Myelofibrosis is a rare hematological malignancy with limited therapeutic options and significant unmet clinical need. Current first line therapy options are two Janus kinase (JAK) inhibitors (JAKis), Incyte’s Jakavi/Jakafi (ruxolitinib) and Impact Biomedicine’s Inrebic (fedratinib). Jakafi has dominated the myelofibrosis market since its launch in 2011 and has seen lucrative financial returns, achieving blockbuster status. However, Jakafi is not a curative agent. Since patients often discontinue the treatment and experience exacerbated anemia, clinicians prescribe additional lines of therapy. Several pipeline JAKis have entered Phase III trials, seeking to expand the lines of therapy by targeting Jakafi-refractory patients, capitalizing on a currently underserved patient population.

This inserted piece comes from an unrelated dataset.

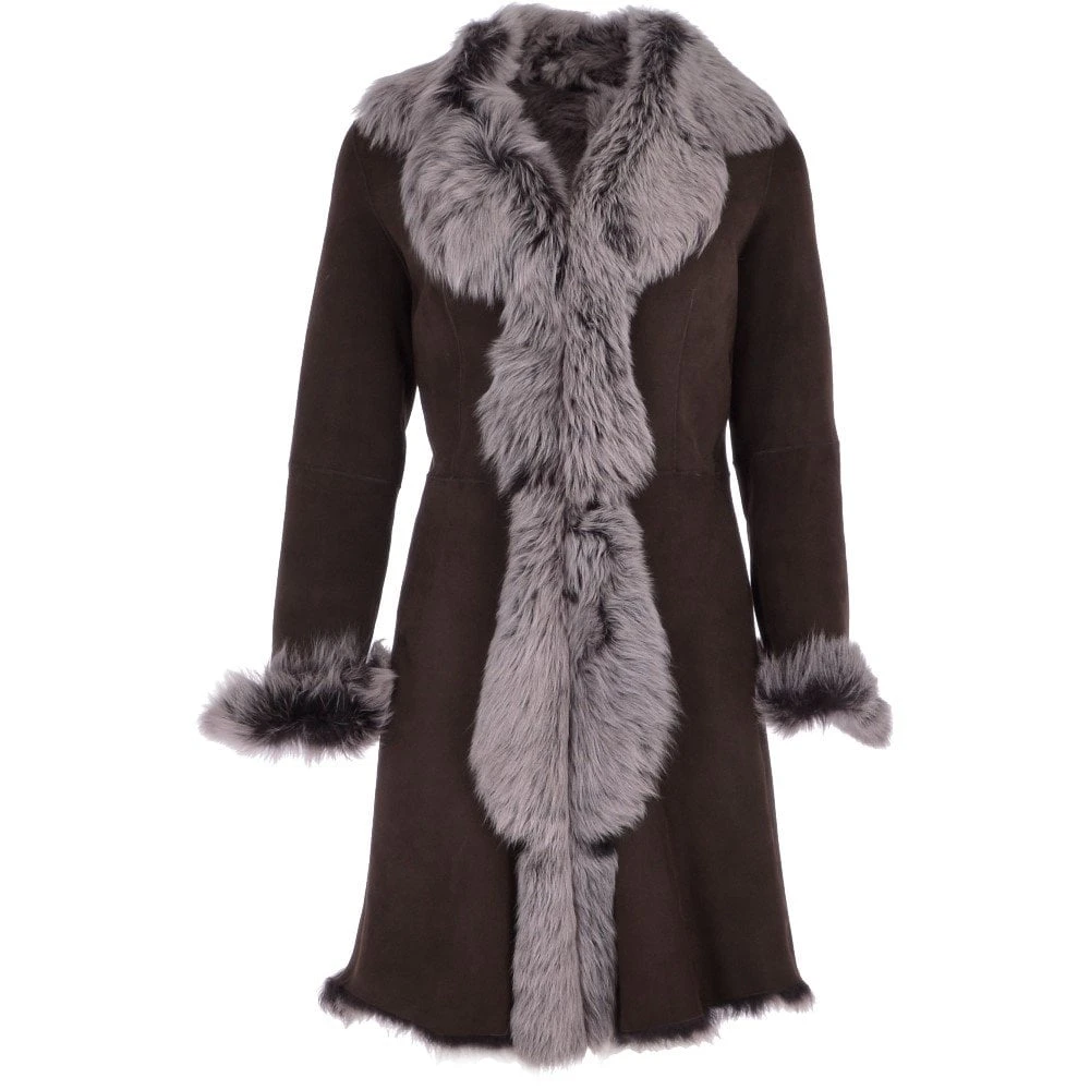 100% genuine long length shearling coat with hand buffed finish

Notably, topline data have recently been released from the randomized, double-blind, active control Phase III MOMENTUM study comparing the selective JAK1, JAK2 and ACVR1 inhibitor, Sierra Oncology’s momelotinib, versus the anti-anemia molecule danazol. In Jakafi-refractory patients, momelotinib achieved all prespecified primary and secondary endpoints. A total of 25% (n=130) of patients experienced a total symptom score (TSS) reduction of ≥50% on momelotinib, demonstrating clear superiority to danazol (TSS reduction ≥50% in 9% of patients). Momelotinib was also superior in splenic response rate (SRR) compared to danazol (23% versus 3%) and demonstrated promising safety data with 54% of patients experiencing grade 3 or higher toxicities, compared to 65% on danazol.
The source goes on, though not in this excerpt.